Political writing usually discusses things at the statewide level. Here instead using publicly available data we will drill down to see what we can learn about the individual donor. This paper will address the same questions to the three different levels: all politcial parties lumped in together , Republicans v Democrats, and finally, the candidates against each other regardless of party.
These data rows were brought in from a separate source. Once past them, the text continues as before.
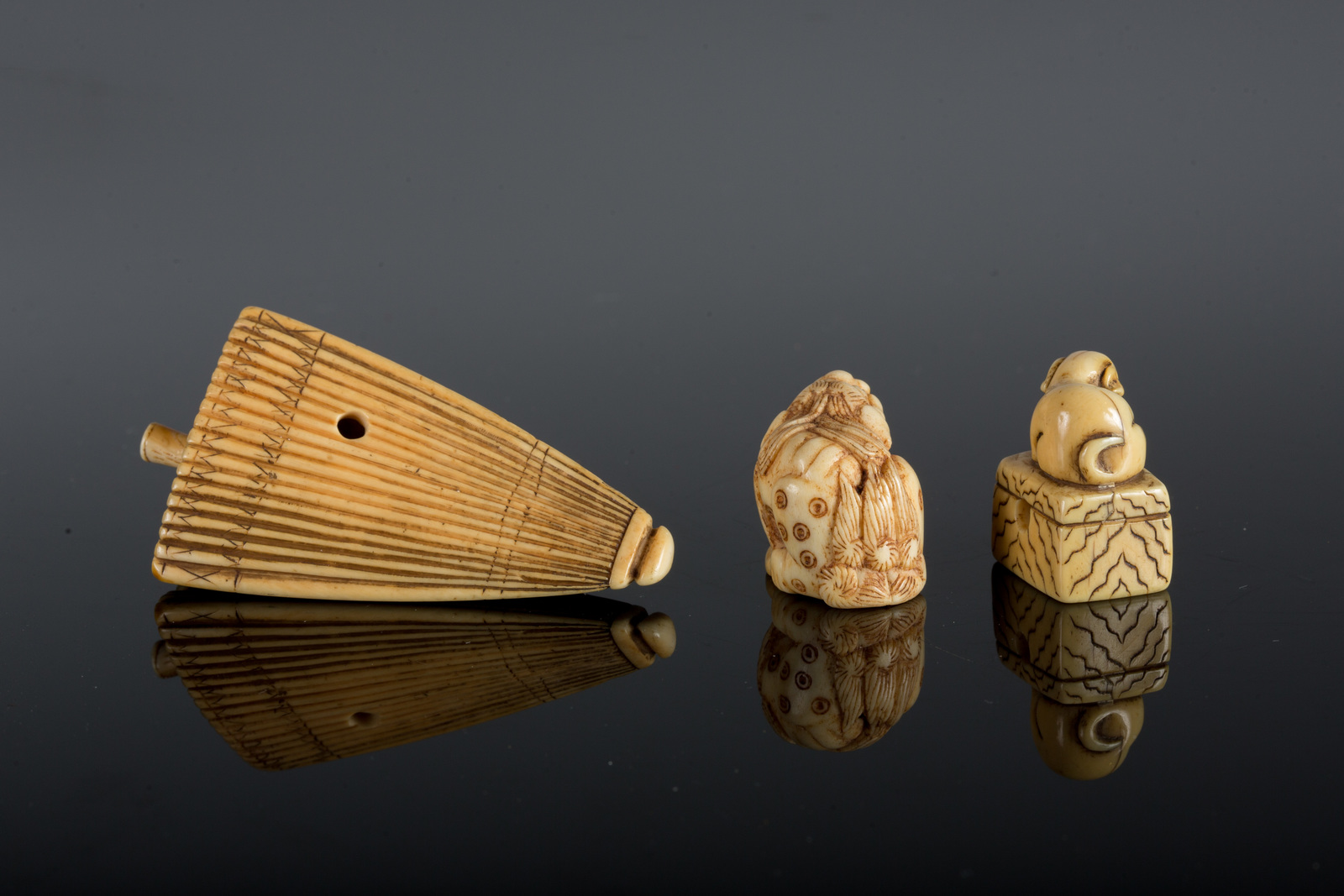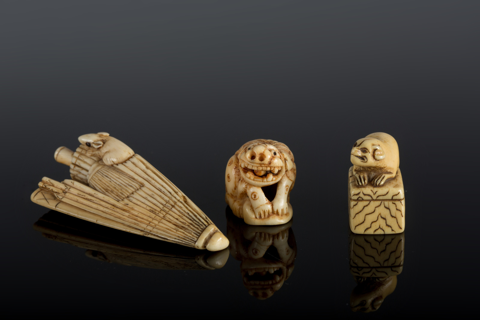 Japan, 19th century . . Cm 7,50. One depicting Shishi with mouvable tongue (h. 2,5 cm); one with a dog on a rock (h. 3 cm) and the last one depicting a mouse on an umbrella (h. 7,5 cm)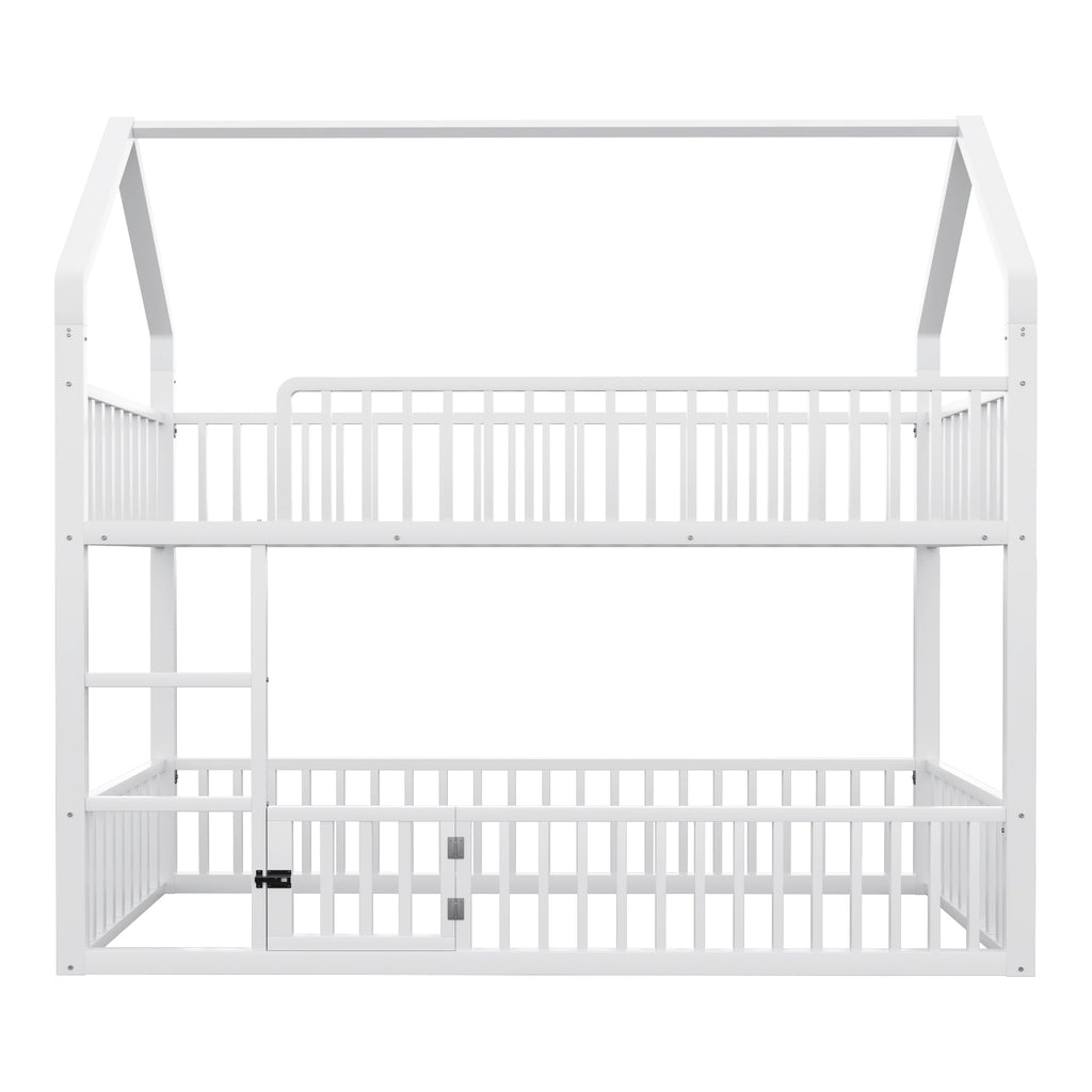 This two-story metal bed is specially designed for families, teens, and children, offering both fun and practicality. The upper bed features a metal slatted frame, providing a stable and comfortable sleeping space. The lower bed includes a hinged door, creating a versatile area perfect for resting, reading, playing games, or entertaining, making it a multifunctional addition to any bedroom.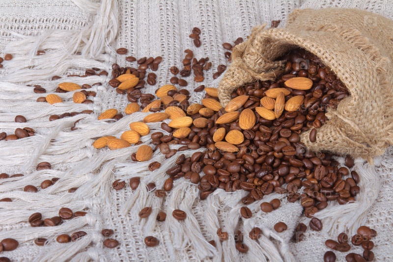 Мешок с кофейными зернами и миндалем на фоне текстиля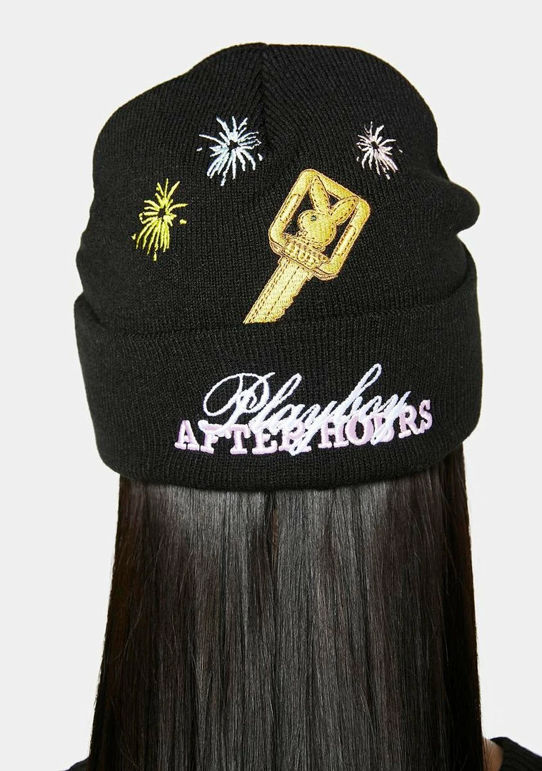 cuz the party doesn’t stop! This ribbed knit beanie has a fold up cuff and embroidered Playboy graphics on the front and back.

We will look at the number of donors per zip, median donation per zip, highest participation level per zip, people who gave multiple times per zip.
Primarily we will be working with the Federal Election Data for NY state as provided by Udacity. We will suppliment this dataset with ZipPop2 a dataset which provides the population per zip code as of 2010 and lastly with a dataset , Candidate_Party ,that provides each candidates political party and that party’s color.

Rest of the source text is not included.